BEGIN DATA SHOWN

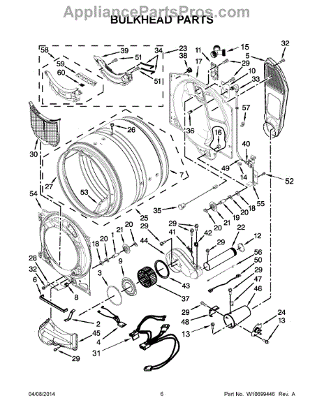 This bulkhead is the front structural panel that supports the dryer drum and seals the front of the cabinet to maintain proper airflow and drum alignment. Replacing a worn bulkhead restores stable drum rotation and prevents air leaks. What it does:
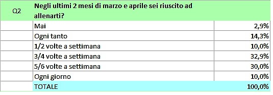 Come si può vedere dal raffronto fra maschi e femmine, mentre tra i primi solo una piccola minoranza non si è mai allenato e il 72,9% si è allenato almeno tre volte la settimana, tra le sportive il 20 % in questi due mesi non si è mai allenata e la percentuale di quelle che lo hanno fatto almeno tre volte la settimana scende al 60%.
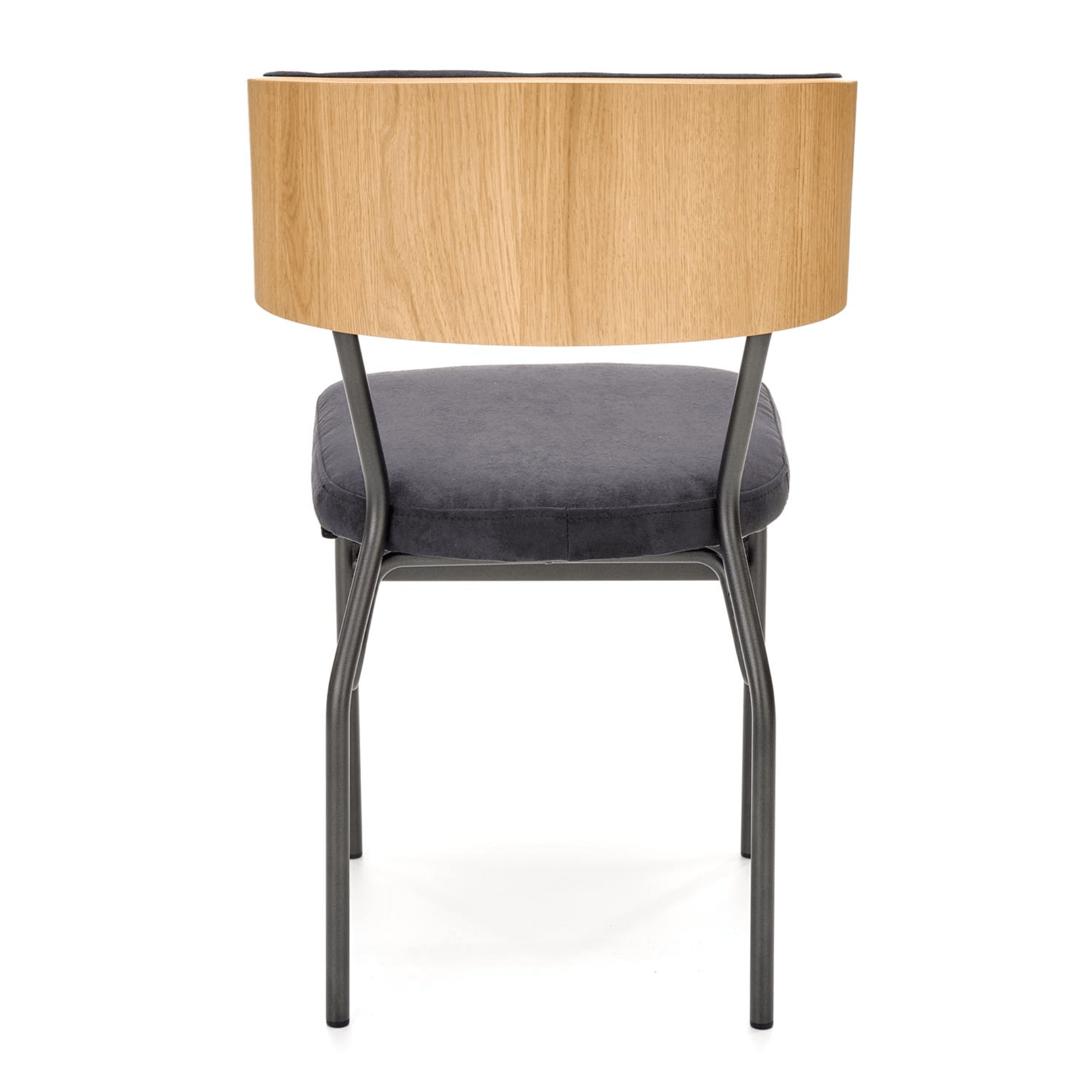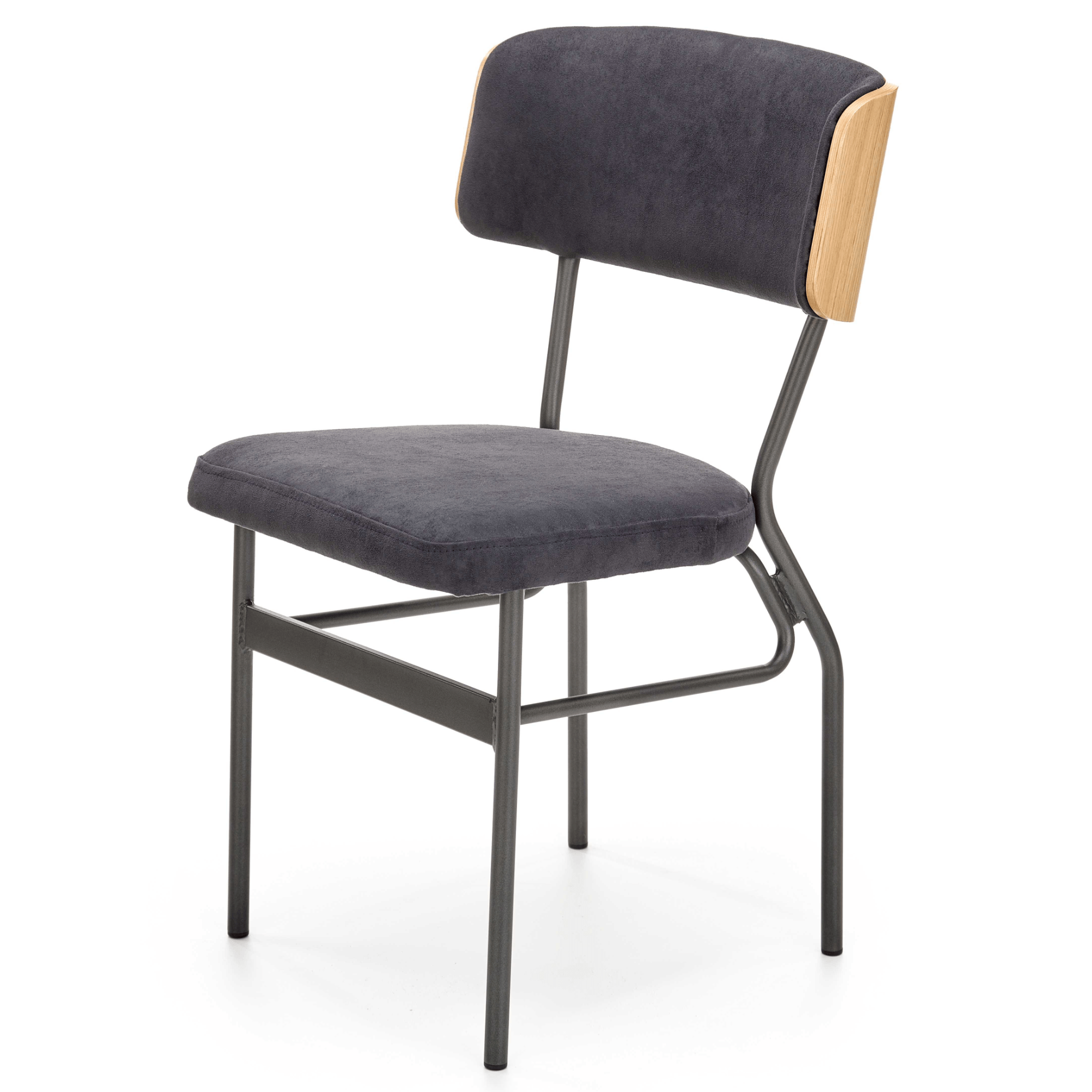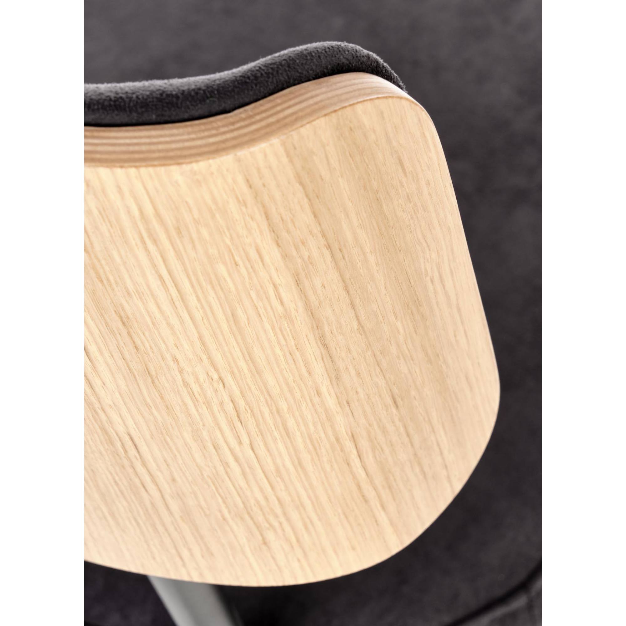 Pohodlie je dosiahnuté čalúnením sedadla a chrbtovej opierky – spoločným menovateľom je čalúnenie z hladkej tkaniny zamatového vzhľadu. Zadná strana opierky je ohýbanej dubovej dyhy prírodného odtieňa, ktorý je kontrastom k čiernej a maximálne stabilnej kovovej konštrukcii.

END DATA SHOWN

■ **TRY IT**:
When you restate the listing, keep every word as it is and drop the pictures.

■ **EXERCISE SOLUTION**:
 This bulkhead is the front structural panel that supports the dryer drum and seals the front of the cabinet to maintain proper airflow and drum alignment. Replacing a worn bulkhead restores stable drum rotation and prevents air leaks. What it does:
 Come si può vedere dal raffronto fra maschi e femmine, mentre tra i primi solo una piccola minoranza non si è mai allenato e il 72,9% si è allenato almeno tre volte la settimana, tra le sportive il 20 % in questi due mesi non si è mai allenata e la percentuale di quelle che lo hanno fatto almeno tre volte la settimana scende al 60%.
 Pohodlie je dosiahnuté čalúnením sedadla a chrbtovej opierky – spoločným menovateľom je čalúnenie z hladkej tkaniny zamatového vzhľadu. Zadná strana opierky je ohýbanej dubovej dyhy prírodného odtieňa, ktorý je kontrastom k čiernej a maximálne stabilnej kovovej konštrukcii.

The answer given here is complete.